Don't store anything important in memory or on the containers.
Use an ACID compliant datastore external to the containers. This allows for locking mechanisms for jobs and reliability when reading / writing data.

Cache Rules (Everything Around Me)

Our distributed architecture comprises of multiple microservices with their own data stores, some of which having multiple data stores they read and write to. A single API call to one microservice may trigger a dozen calls to other services, reads and writes, encryption / decryption methods, etc which can lead to hundreds of milliseconds, if not seconds, of overhead.

Given that a workflow can have any amount of steps, every 100 milliseconds added to a step can lead to an unideal user experience.

Caches can have huge performance improvements across systems when implemented correctly. One thing to consider here is that in a containerized n-scaled microservice architecture, in-memory caches, while easy to implement and very performant, aren't always the best choice.

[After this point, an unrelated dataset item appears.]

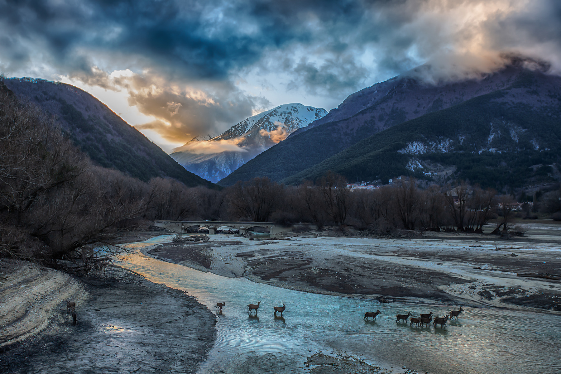 A mio avviso molto migliore della precedente! Ripresa più ampia, atmosfera naturale, con una tonalità argentea che trasmette perfettamente il freddo del momento, e poi i cervi che attraversano il fiume numerosi… Bellissima, complimenti!

If a microservice has 10 instances behind a load balancer each running with in-memory caches implemented in front of a database, the cache will miss nearly every time. Thus, we use Redis as a shared cache between instances.

Additionally, we considered the request volumes and read to write ratios. Given that our workflows execute on average thousands of times more than they're deployed, that was the very first thing we cached, which has in turn saved us millions of database queries, API calls between microservices, and seconds responding to API calls.

Conclusion

No system is perfect, but we're proud of what we've built at Paragon. Hercules does all of the heavy lifting while Hermes does all the talking. They can scale up and down independently of each other to meet demand, and when a process fails, other parts of the system are both unaware and unaffected.

We'd love to hear your thoughts on our implementation! Happy coding.